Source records
BEGIN
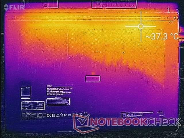 Die Oberflächentemperaturen sind sehr warm, was wahrscheinlich auf die Tatsache zurückzuführen ist, dass eine GeForce-GTX-GPU in einem Gehäuse der Größe eines Ultrabooks steckt. Hotspots im Leerlauf auf dem Desktop können bis zu 37 °C warm werden, wie unsere Temperaturkarten unten zeigen, verglichen mit nur 29 °C beim Prestige 14 Evo ohne dedizierte Grafik. Bei extrem hoher Belastung, wie z. B. bei Spielen, können die Tastaturmitte und die untere Rückseite bis zu 49 bzw. 61 °C warm werden, was wärmer ist als bei den meisten ULV-Ultrabooks und sogar wärmer als bei dem leistungsstärkeren Razer Blade 14
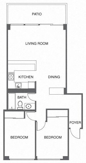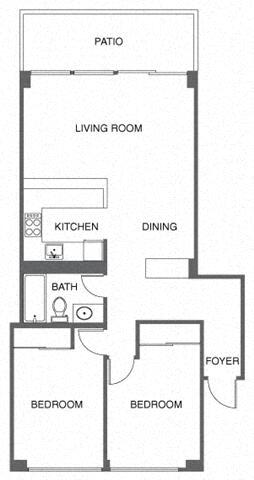 2 Bed, 1 Bath - Floorplan 1 2 Bed, 1 Bath
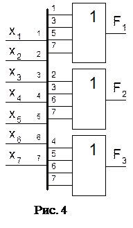 Можно показать, что если бы составить таблицу истинности шифратора со всеми возможными наборами входных переменных, записать по ней булевы функции для выходов F1, F2, F3, провести их минимизацию с учетом факультативных условий, то можно получить те же выражения (3). Схема шифратора, построенная по булевым функциям (3) приведена на рис.4.
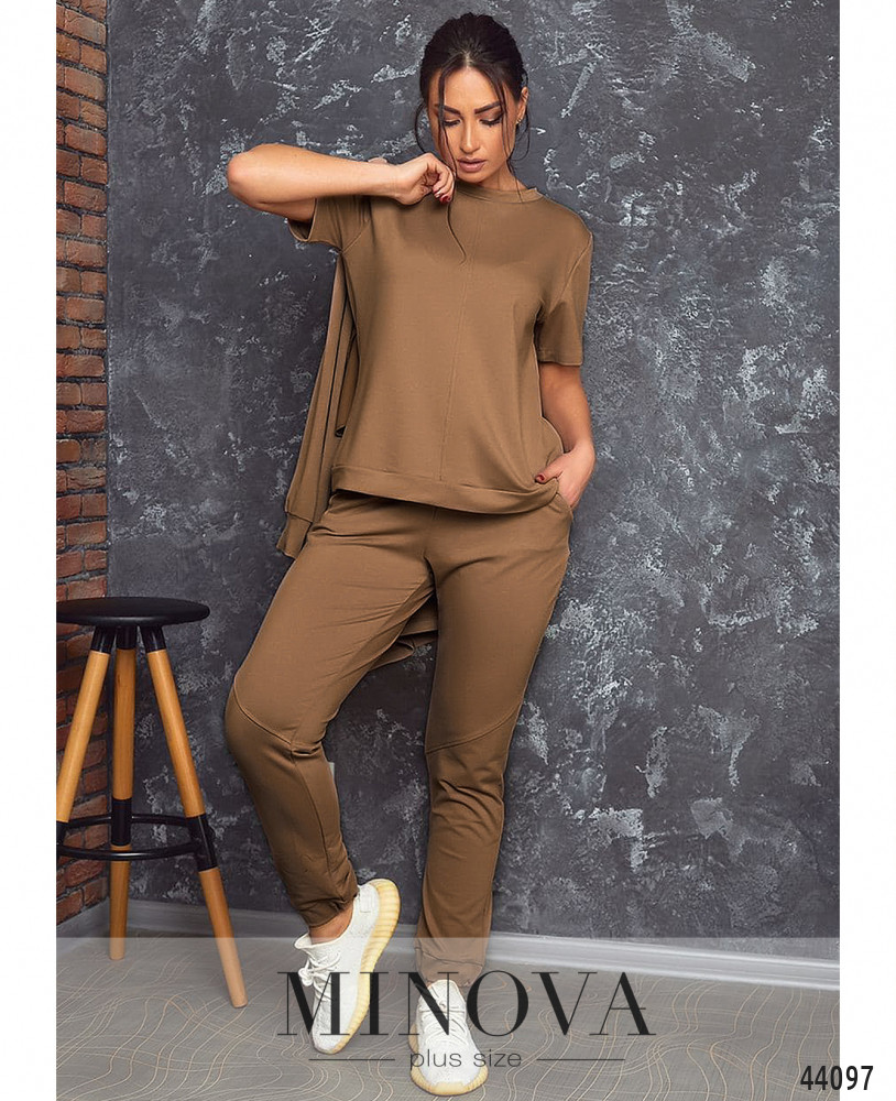 Удобный и стильный костюм-тройка плюс сайз, курточка длинная, со сквозной молнией спереди. На уровне груди - карманы в шве с цветной окантовкой, на спинке - длинная продольная лента. Рукава с мягкими манжетами. Футболка с манжетом на подоле и горловине, без застёжек и карманов. Брюки с высокой талией, по бокам карманы, в пояс и в манжеты вшита резинка. На бёдрах декоративные диагональные швы.
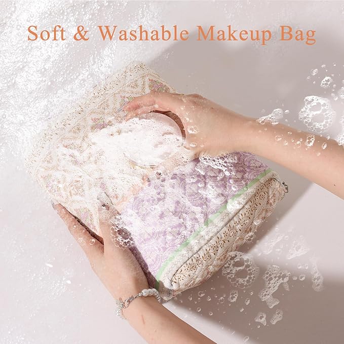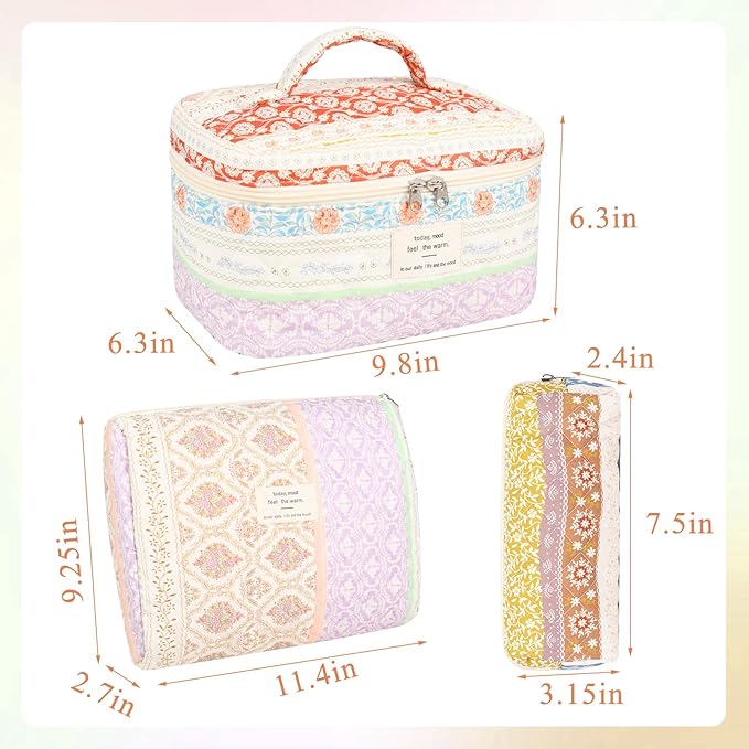 Anfly Makeup Bag, Quilted Cosmetic Bags, Large Floral Make Up Bag, Cute Makeup Bag 3PC Set for Women Girls (Color Clash)
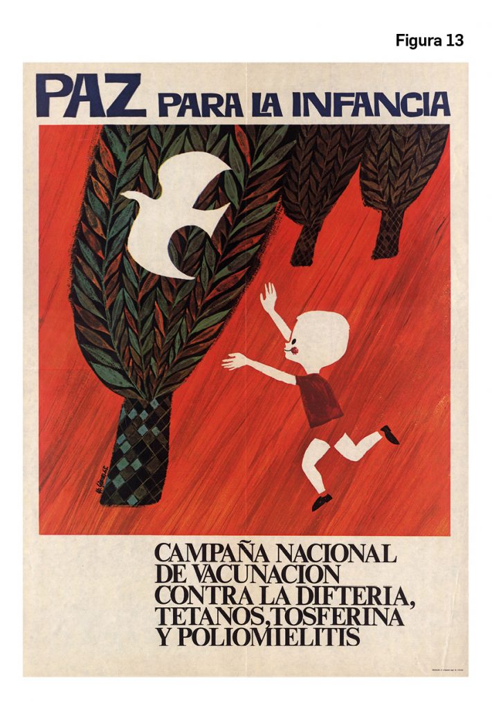 El problema estriba en que la primera campaña nacional de vacunación, para la que se utilizó la vacuna oral de Albert Sabin, se llevó a cabo entre 1963 y 1964, pese a que estaba disponible desde 1957. Otro método de inmunizar, mediante el inyectable de Jonas Salk, existía desde 195413. Por ello la polio se erradicó tardíamente en nuestro suelo y dejó a muchas personas con secuelas hasta fechas contemporáneas. En el año 1966 la campaña pública de vacunación estaba en pleno rendimiento y por eso los carteles. Hablo en plural pues también tenemos otro, mucho más grande (49×67 cm) publicado en la misma imprenta y realizado durante el año 1965 por “Yo, Gimeno”14 en donde se ve a un niño que corre tras una paloma blanca, en medio de unos probables olivos sobre fondo rojo, en un grafismo de evidente calidad (Figura 13).
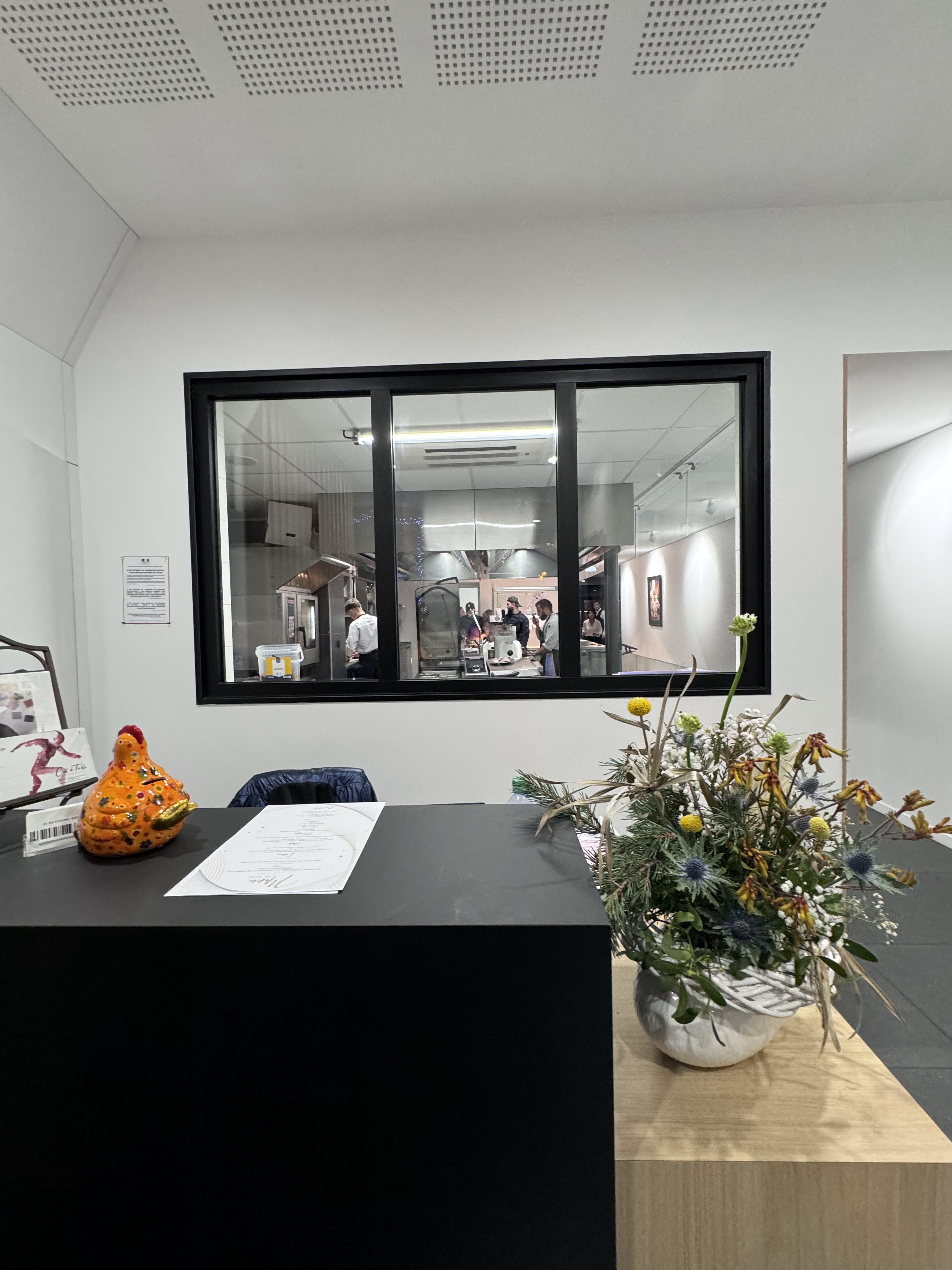 1ere fois qu on ouvre la porte, très bel accueil, chaleureux , très joli, j ai adoré la déco, l ambiance, on s occupe de vous, produits sur le bout des doigts, on a adoré le choix des menus, rien à dire J ai beaucoup adoré le service, les hôtes, Je reviendrai avec grand plaisir!!!
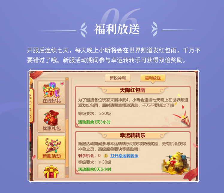 伴随着专服开启,《神武4》双端游戏内也同步上线了丰富的福利活动。《神武4》电脑版连续7天发送世界红包雨,推出“升级礼包”、礼盒点亮,高级魔兽要诀、天降红包雨、全新萌宠等诸多豪礼等你解锁!《神武4》手游火热开启十一重活动,还有成长型强力萌宠“青瓷姬”、源生之灵、专有称谓等好礼等你来领!
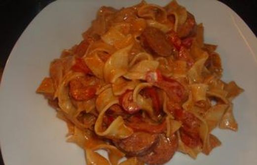 Zutaten für Personen Rezept mit Bild: Nudelpfanne Ruck-Zuck Bild einstellen 250 Gramm Bandnudeln 1 Zwiebel 2 Cabanossi 1 Glas Letcho 150 Gramm Kråuterfrischkåse Salz Pfeffer Paprikapulve [...]
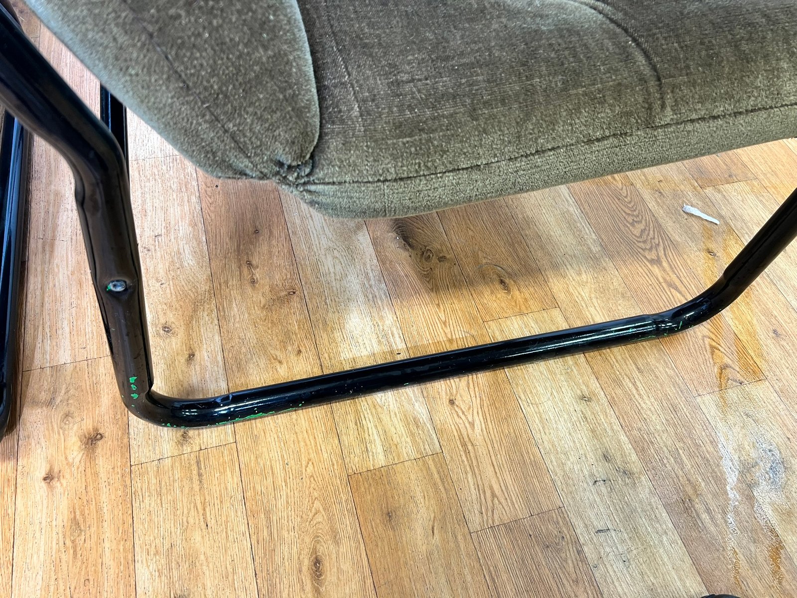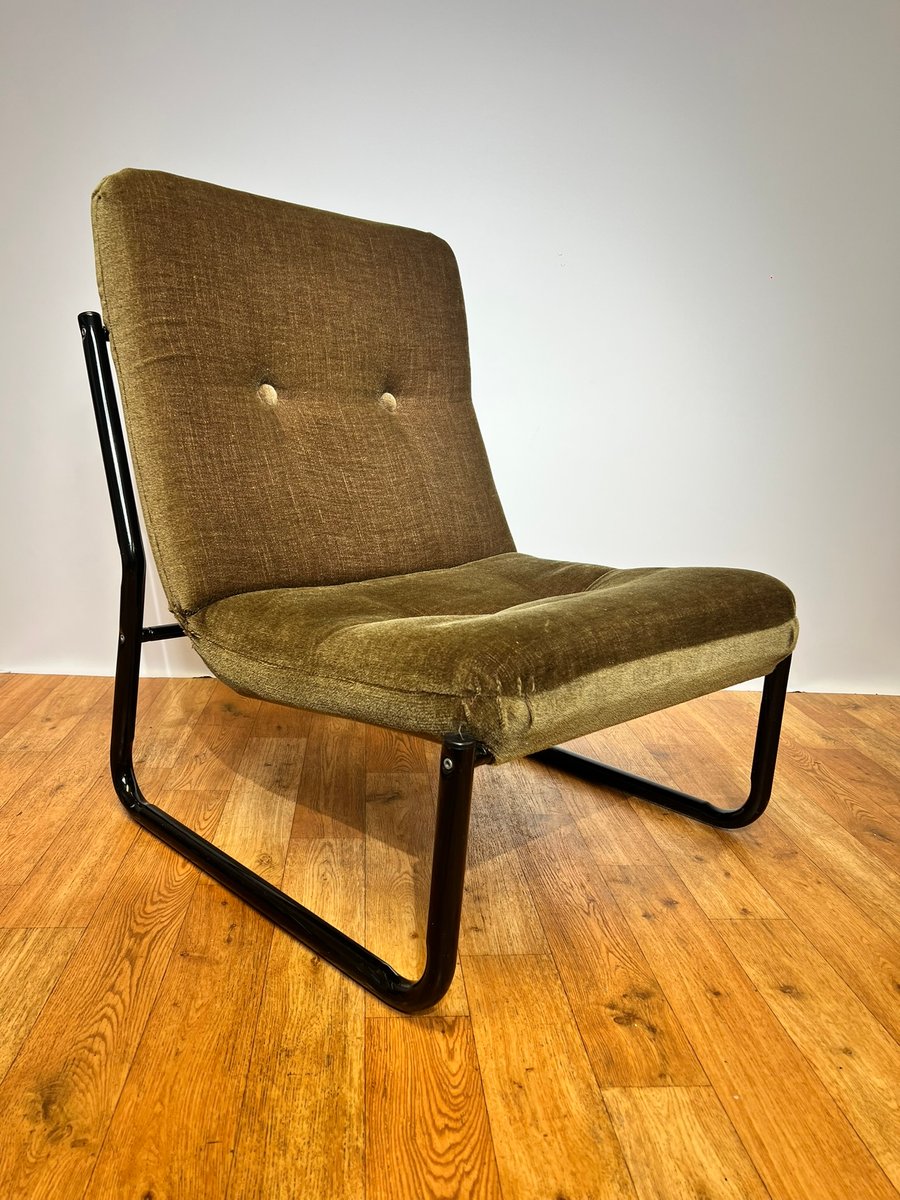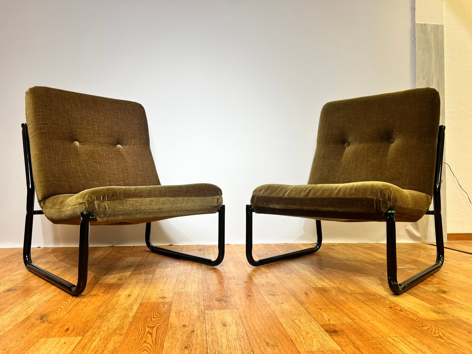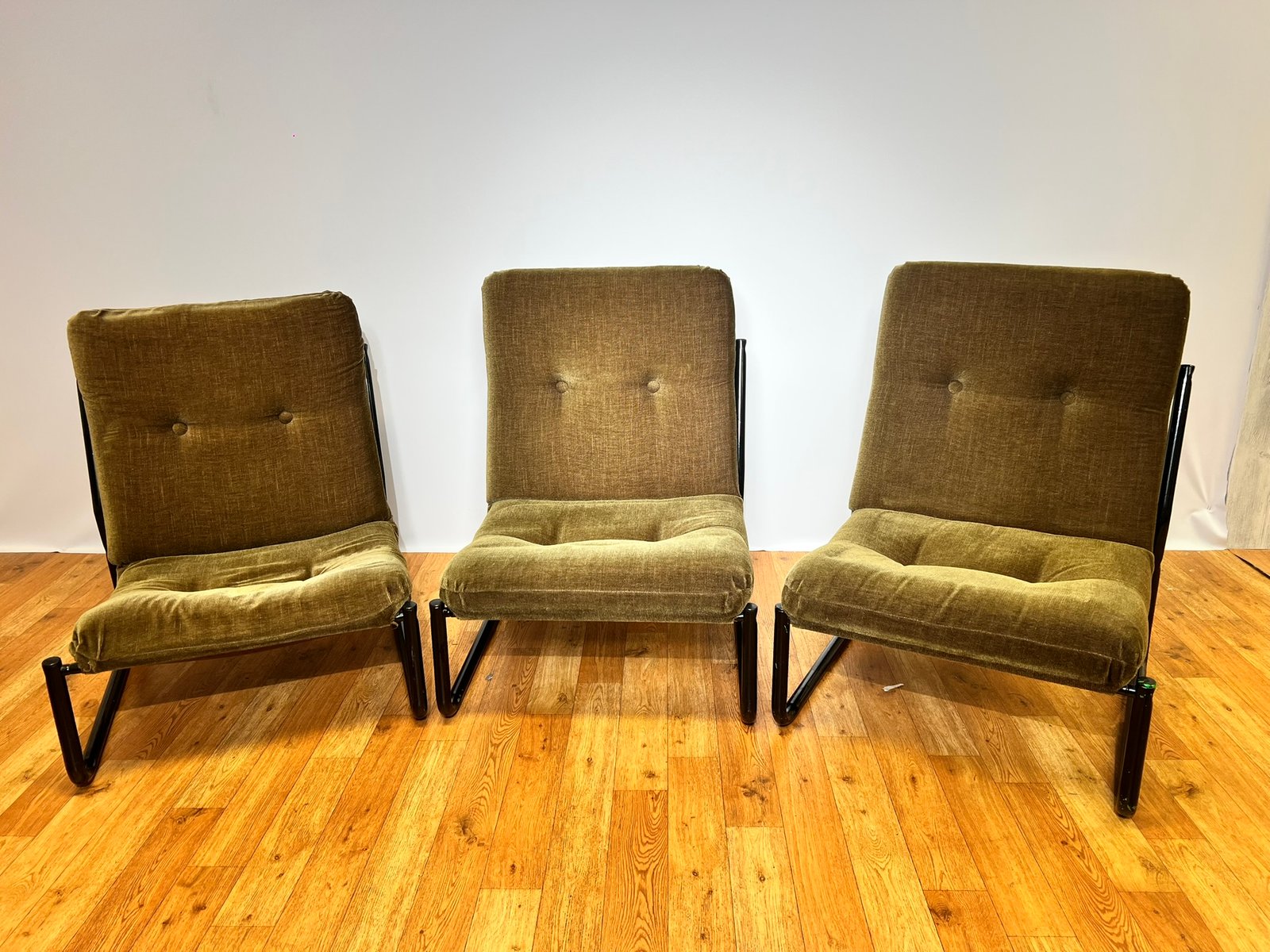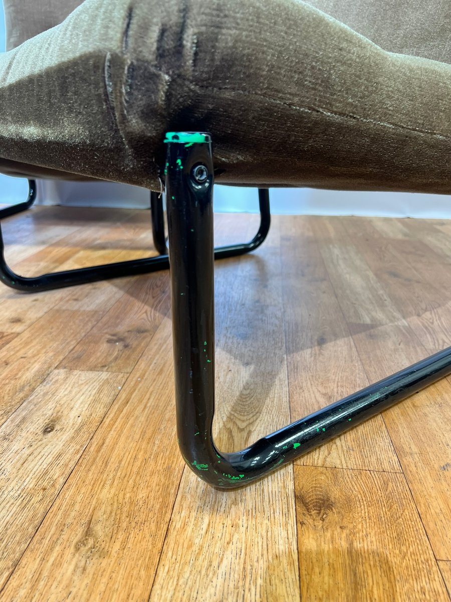 Bauhaus Black Steel and Green Upholstery Lounge Chairs, 1970s, Set of 3
END
Work instructions: Take every entry above and transcribe it exactly, with no pictures in the copy.

Answer:
 Die Oberflächentemperaturen sind sehr warm, was wahrscheinlich auf die Tatsache zurückzuführen ist, dass eine GeForce-GTX-GPU in einem Gehäuse der Größe eines Ultrabooks steckt. Hotspots im Leerlauf auf dem Desktop können bis zu 37 °C warm werden, wie unsere Temperaturkarten unten zeigen, verglichen mit nur 29 °C beim Prestige 14 Evo ohne dedizierte Grafik. Bei extrem hoher Belastung, wie z. B. bei Spielen, können die Tastaturmitte und die untere Rückseite bis zu 49 bzw. 61 °C warm werden, was wärmer ist als bei den meisten ULV-Ultrabooks und sogar wärmer als bei dem leistungsstärkeren Razer Blade 14
 2 Bed, 1 Bath - Floorplan 1 2 Bed, 1 Bath
 Можно показать, что если бы составить таблицу истинности шифратора со всеми возможными наборами входных переменных, записать по ней булевы функции для выходов F1, F2, F3, провести их минимизацию с учетом факультативных условий, то можно получить те же выражения (3). Схема шифратора, построенная по булевым функциям (3) приведена на рис.4.
 Удобный и стильный костюм-тройка плюс сайз, курточка длинная, со сквозной молнией спереди. На уровне груди - карманы в шве с цветной окантовкой, на спинке - длинная продольная лента. Рукава с мягкими манжетами. Футболка с манжетом на подоле и горловине, без застёжек и карманов. Брюки с высокой талией, по бокам карманы, в пояс и в манжеты вшита резинка. На бёдрах декоративные диагональные швы.
 Anfly Makeup Bag, Quilted Cosmetic Bags, Large Floral Make Up Bag, Cute Makeup Bag 3PC Set for Women Girls (Color Clash)
 El problema estriba en que la primera campaña nacional de vacunación, para la que se utilizó la vacuna oral de Albert Sabin, se llevó a cabo entre 1963 y 1964, pese a que estaba disponible desde 1957. Otro método de inmunizar, mediante el inyectable de Jonas Salk, existía desde 195413. Por ello la polio se erradicó tardíamente en nuestro suelo y dejó a muchas personas con secuelas hasta fechas contemporáneas. En el año 1966 la campaña pública de vacunación estaba en pleno rendimiento y por eso los carteles. Hablo en plural pues también tenemos otro, mucho más grande (49×67 cm) publicado en la misma imprenta y realizado durante el año 1965 por “Yo, Gimeno”14 en donde se ve a un niño que corre tras una paloma blanca, en medio de unos probables olivos sobre fondo rojo, en un grafismo de evidente calidad (Figura 13).
 1ere fois qu on ouvre la porte, très bel accueil, chaleureux , très joli, j ai adoré la déco, l ambiance, on s occupe de vous, produits sur le bout des doigts, on a adoré le choix des menus, rien à dire J ai beaucoup adoré le service, les hôtes, Je reviendrai avec grand plaisir!!!
 伴随着专服开启,《神武4》双端游戏内也同步上线了丰富的福利活动。《神武4》电脑版连续7天发送世界红包雨,推出“升级礼包”、礼盒点亮,高级魔兽要诀、天降红包雨、全新萌宠等诸多豪礼等你解锁!《神武4》手游火热开启十一重活动,还有成长型强力萌宠“青瓷姬”、源生之灵、专有称谓等好礼等你来领!
 Zutaten für Personen Rezept mit Bild: Nudelpfanne Ruck-Zuck Bild einstellen 250 Gramm Bandnudeln 1 Zwiebel 2 Cabanossi 1 Glas Letcho 150 Gramm Kråuterfrischkåse Salz Pfeffer Paprikapulve [...]
 Bauhaus Black Steel and Green Upholstery Lounge Chairs, 1970s, Set of 3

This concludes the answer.